Saved data entries
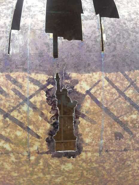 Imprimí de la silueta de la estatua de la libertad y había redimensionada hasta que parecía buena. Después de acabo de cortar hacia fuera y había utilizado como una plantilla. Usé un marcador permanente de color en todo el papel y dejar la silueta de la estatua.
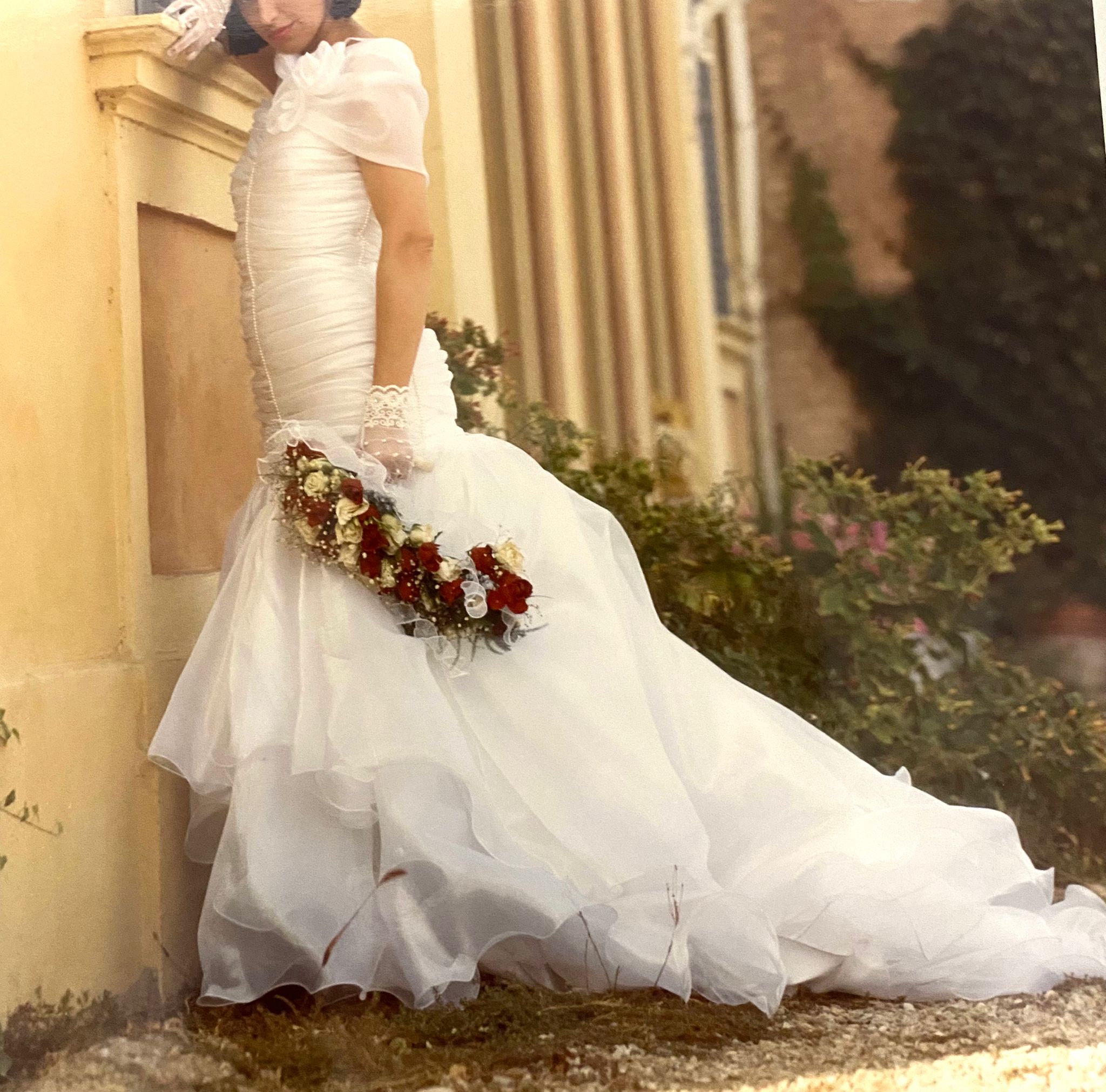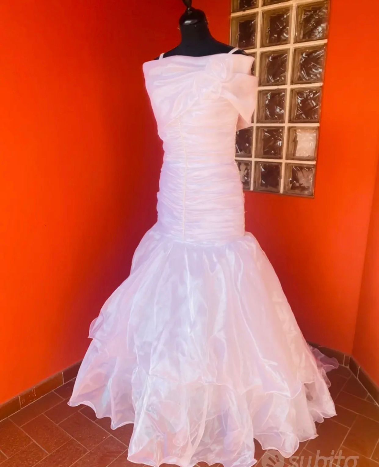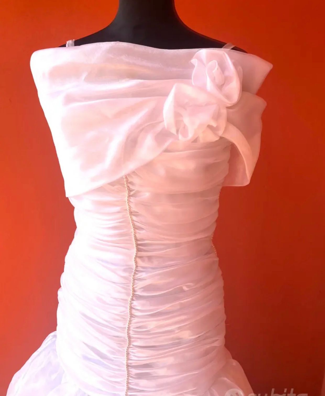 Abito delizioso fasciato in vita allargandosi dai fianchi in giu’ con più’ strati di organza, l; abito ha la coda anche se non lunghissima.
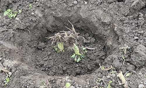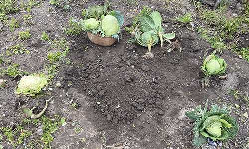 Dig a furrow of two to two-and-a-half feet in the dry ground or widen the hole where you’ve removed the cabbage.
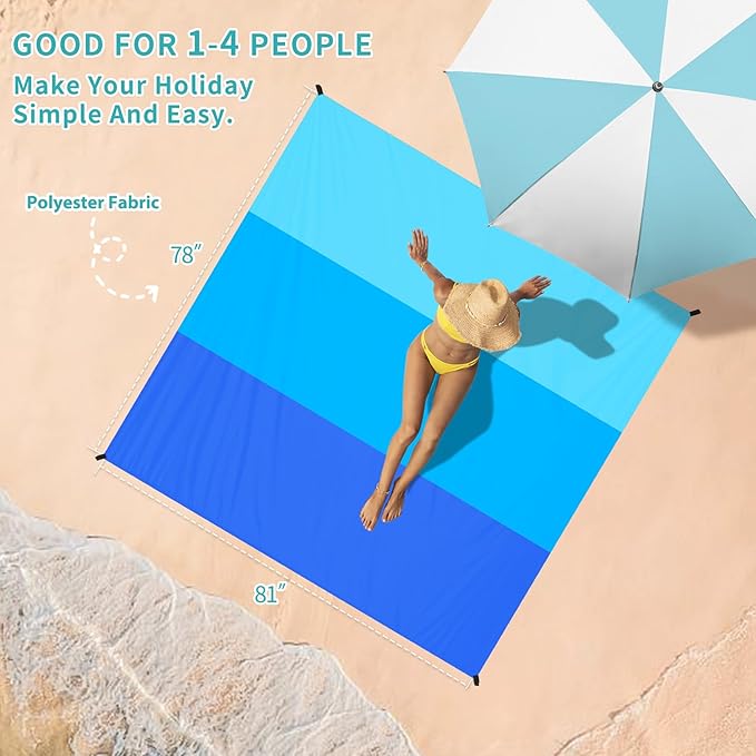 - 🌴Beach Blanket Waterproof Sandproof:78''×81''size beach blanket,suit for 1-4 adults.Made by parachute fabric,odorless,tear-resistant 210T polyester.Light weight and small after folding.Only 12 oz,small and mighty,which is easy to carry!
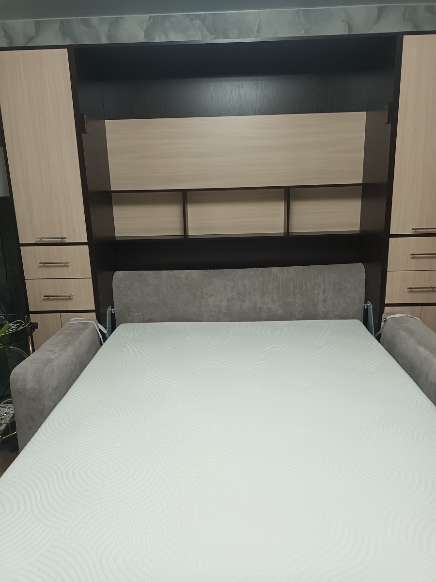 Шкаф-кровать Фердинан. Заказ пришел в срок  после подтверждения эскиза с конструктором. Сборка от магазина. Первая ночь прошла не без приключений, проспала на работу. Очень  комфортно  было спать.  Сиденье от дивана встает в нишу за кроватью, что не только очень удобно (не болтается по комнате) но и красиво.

◆ WHAT NEEDS TO BE DONE ◆
From the line containing "Dig a furrow" down to the last line of the entries above, copy each line exactly and nothing more. Leave pictures out.

◆ TASK OUTPUT ◆
 Dig a furrow of two to two-and-a-half feet in the dry ground or widen the hole where you’ve removed the cabbage.
 - 🌴Beach Blanket Waterproof Sandproof:78''×81''size beach blanket,suit for 1-4 adults.Made by parachute fabric,odorless,tear-resistant 210T polyester.Light weight and small after folding.Only 12 oz,small and mighty,which is easy to carry!
 Шкаф-кровать Фердинан. Заказ пришел в срок  после подтверждения эскиза с конструктором. Сборка от магазина. Первая ночь прошла не без приключений, проспала на работу. Очень  комфортно  было спать.  Сиденье от дивана встает в нишу за кроватью, что не только очень удобно (не болтается по комнате) но и красиво.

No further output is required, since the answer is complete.